### Exercise directions
Repeat every line of the listing below exactly, minus the pictures.

### Data to use
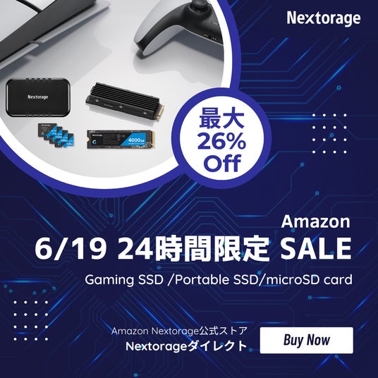 Nextorage株式会社(ネクストレージ株式会社、代表取締役:本多 克行、神奈川県川崎市)はAmazon Nextorage公式ストア「Nextorageダイレクト」にて、6月19日に24時間限定のゲーミング製品セールを行う事をお知らせいたします。
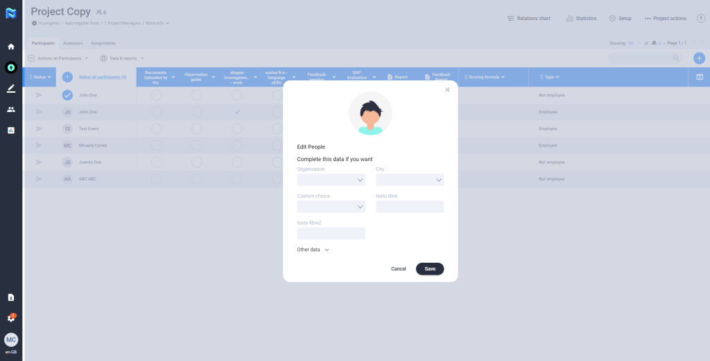 You will be able to edit the participant’s metadata, as well as the language. This action is done by marking the participant in the icon to the left of his/her name and clicking on the “Actions” button, we then select the option “Edit participant information”. Then, you will have to save the data by clicking on the “save” button.
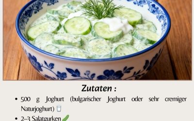🛒 Zutaten (mit Alternativen): 500 g Joghurt (bulgarischer Joghurt oder sehr cremiger Naturjoghurt) 🥛 2–3 Salatgurken 🥒 3–4 Knoblauchzehen…
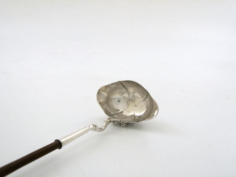 A George II silver toddy ladle, oval lobed form, engraved with a crest, wooden baluster handle, maker's mark worn, London 1736, length 32cm. approx. weight 2oz.
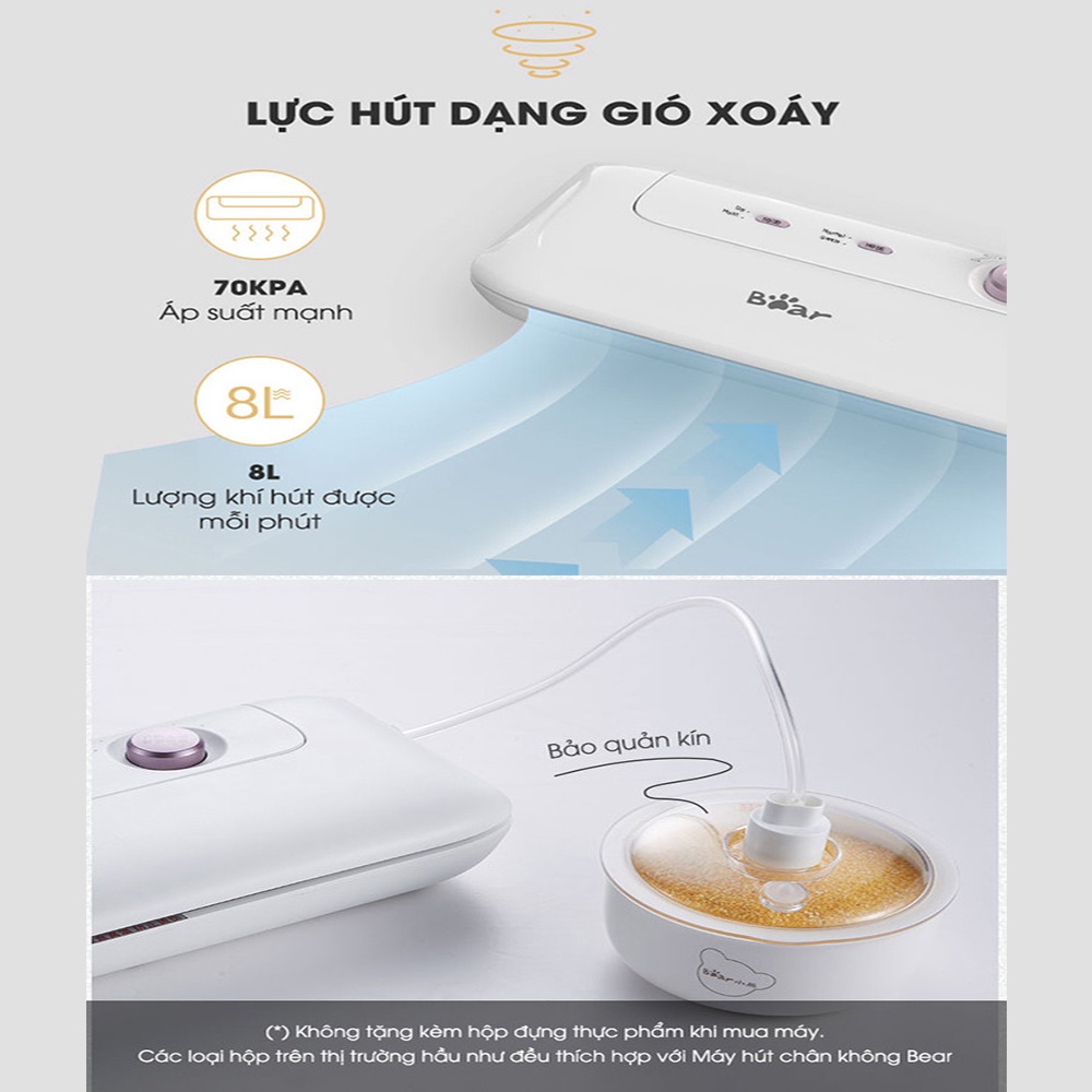 - Máy Hút Chân Không Bear FKJ-A01F1 với thiết kế nhỏ gọn, điều khiển cảm ứng thông minh tích hợp công nghệ hút chân không nhanh chóng chỉ trong vòng 30 giây.

### Response area
 Nextorage株式会社(ネクストレージ株式会社、代表取締役:本多 克行、神奈川県川崎市)はAmazon Nextorage公式ストア「Nextorageダイレクト」にて、6月19日に24時間限定のゲーミング製品セールを行う事をお知らせいたします。
 You will be able to edit the participant’s metadata, as well as the language. This action is done by marking the participant in the icon to the left of his/her name and clicking on the “Actions” button, we then select the option “Edit participant information”. Then, you will have to save the data by clicking on the “save” button.
🛒 Zutaten (mit Alternativen): 500 g Joghurt (bulgarischer Joghurt oder sehr cremiger Naturjoghurt) 🥛 2–3 Salatgurken 🥒 3–4 Knoblauchzehen…
 A George II silver toddy ladle, oval lobed form, engraved with a crest, wooden baluster handle, maker's mark worn, London 1736, length 32cm. approx. weight 2oz.
 - Máy Hút Chân Không Bear FKJ-A01F1 với thiết kế nhỏ gọn, điều khiển cảm ứng thông minh tích hợp công nghệ hút chân không nhanh chóng chỉ trong vòng 30 giây.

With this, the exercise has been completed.